According to El Nuevo Herald, published in Spanish in Miami, Florida, during the fiscal year that ended in 2005, 2,530 Cubans made it to U.S. shores and were granted asylum, while 7,610 entered the United States by land, over the Mexican or Canadian borders.

The U.S. coast guard reports that only 2.5 percent of Cubans intercepted at sea receive asylum in the United States

According to official sources in Cuba, the immense majority of Cubans who attempt to make it to the United States illegally have relatives there, do not qualify for consideration as legal immigrants, feel that they have no hope of winning one of the several thousand visas issued by the United States in Cuba every year, or are too impatient to wait for that lengthy process to be completed.

At least 18 individuals have died so far this year in unauthorised attempts to leave the island, and 42 lost their lives last year, according to official figures.

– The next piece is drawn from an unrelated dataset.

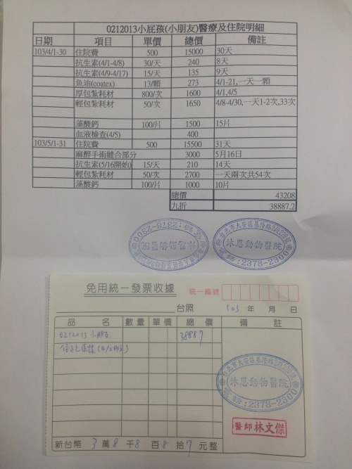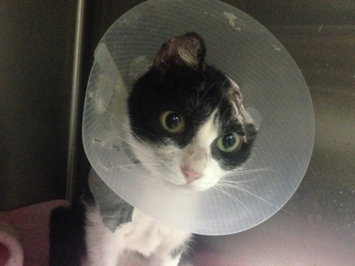 主題: 大面積燙傷的小朋友第五階段費用(內有血腥照..慎入) 申請者姓名: 臺北市支持流浪貓絕育計劃協會 花色: 申請日期: 2014-05-27 18:30:57 申請者部落格: 申請者臉書網址: 所在縣市/合作醫院: 台北市/沐恩動物醫院 治療費用: 38887元 需求人數: 41人 已結案 (2014-06-27 13:38:28) 報名人員: Oly Wu(已付款)、Kuen-Lin Tsai(已付款)、潘亮岑 x2(已付款)、aggy(已付款)、Ginelle Qiu x2(已付款)、Rebecca Chen(已付款)、娜塔莎(已付款)、Helen Yu(已付款)、Ppn Huang(已付款)、劉芯瑞(已付款)、Owen x3(已付款)、Nomar(已付款)、Philip(已付款)、陳怡靜 x2(已付款)、Chihying Vivian Huang x2(已付款)、周小蕾(已付款)、Annie Huang(已付款)、Shane(已付款)、Eddy Cheng(已付款)、Jiun(已付款)、Viviann Chuang、beforn(已付款)、Ke Zi Lin、Ke Zi Lin(已付款)、黃小資 x2(已付款)、VINCENT LIAO(已付款)、Amberger(已付款)、Alada Meow(已付款)、Cindy Hung x2(已付款)、May Jeng(已付款)、Alice(已付款)、Cheng Chou x2(已付款)、Yu Ting Tseng x2(已付款)、 候補人員: Wills Chang、Cherry Lee、 動物病情說明: 2/1貓貓因燒傷跑來家裡求救,立即送往醫院,醫生研判應該是遭人惡意潑油放火,左耳已完全燒爛,沿著頸部到上背部有四級燒傷,醫院說這需要長期的治療,至少兩周的時間幫助牠將組織長好,至少需要1個月以上才能完全復原,且復原後需要重建左耳,目前醫藥費用是個未知數。

In August 2005, 31 drowned when their 28-foot speedboat sank north of Matanzas, Cuba. And in another case, a young Cuban woman was given asylum after she risked her life by shipping herself in a small wooden crate aboard a cargo plane from the Bahamas to Miami.

Studies carried out in Cuba have found that at least 15 percent of those who risk the hazardous journey across the Florida Straits die in the attempt.

There are no reliable figures on how many minors have made the journey or have drowned in the Florida Straits in the past few decades. But cases appear year after year, often involving small children.

"You have to be crazy or truly desperate to drag a small child along on an adventure like that," said Caridad Martínez, a resident of Old Havana, after hearing a televised interview with one of the mothers under arrest. "The saddest thing is that these people almost always regret what they have done, but sometimes when it is too late."